Force est de constater, dès lors, que malgré tout ce qui a pu être entrepris au titre du fameux "Zéro Mika", beaucoup reste encore à faire.

Il semblerait qu’il y ait besoin d’une prise de conscience plus grandissante chez un client "fidélisé" par une matière fatale.

Si nous y parvenons, alors le "Zéro Mika" pourra constituer l’acte de naissance d’une conscience environnementale nationale apte à barrer la route aux menaces, qui telles des épées de Damoclès, pèsent sur le devenir d’une Planète, et sur laquelle elles peuvent s’abattre à tout moment !

En étant conscients du danger qu’exercent ces sacs en plastiques sur l’environnement, et par conséquent sur notre existence même sur cette Terre nourricière, nous sommes contraints d’avoir le courage nécessaire pour déterminer les responsabilités de chacun d’entre nous dans le cadre d’une prise de conscience environnementale collective.

Il est question d’opérer un saut qualitatif dans la sphère de la responsabilité vis-à-vis des générations futures quant au legs environnemental que nous leur laisserions et que nous voudrions tous ou souhaiterions qu’il soit des plus sains et avantageux.

L’interdiction des sacs en plastique n’est pas chose aisée tant les intervenants sont nombreux et proviennent de toutes les franges de la société: industriels, petits fabricants informels, petits et grands commerçants, consommateurs…

Ces sacs en plastique, non biodégradables, sont devenus les symboles insupportables d’une société de consommation dite du "Jetable" qui, pour un acte si simple mais ô combien conséquent, met en danger toute la chaîne de la vie durant des siècles.

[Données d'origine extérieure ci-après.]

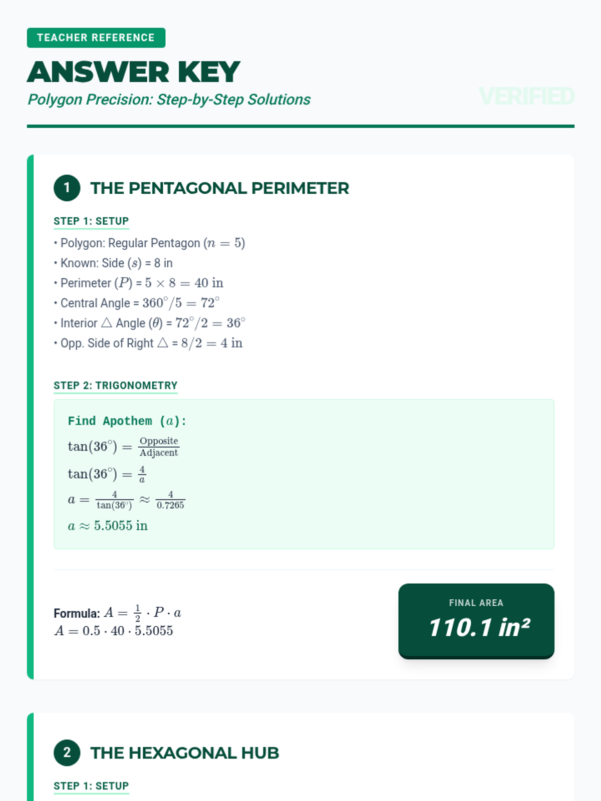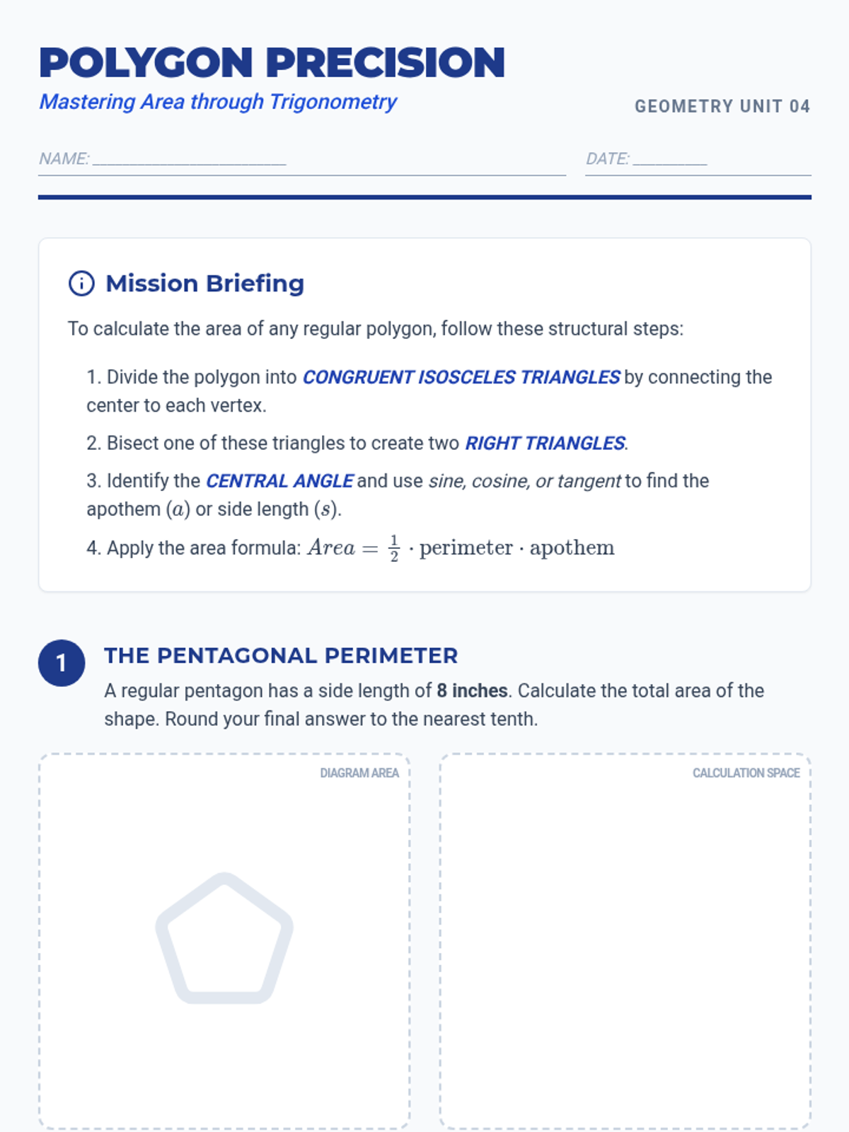 A lesson focused on calculating the area of regular polygons by decomposing them into triangles and applying trigonometric ratios to find missing dimensions.

Les conséquences sur notre environnement d’un sachet en plastique, dont la durée de vie va de 100 à 400 ans, sont énormes puisqu’en touchant aussi bien la faune que la flore, elles mettent en péril la survie de tous les êtres vivants humains, animaux ou végétaux.

Au fond des océans, les sacs en plastique modifient les écosystèmes en empêchant le passage de la lumière indispensable à la photosynthèse des organismes végétaux et fortement nuisible au développement des plantes aquatiques.

Toutes ces parcelles de terre, toutes ces nappes phréatiques, de même que l’atmosphère, ainsi que toutes ces mers et ces océans, dont nous tirons la substance même de notre existence, se trouvent sous la menace du "monstre", qu’est le sac en plastique. En somme, si le "Mika" reste en vie, c’est notre vie à nous qui est menacée.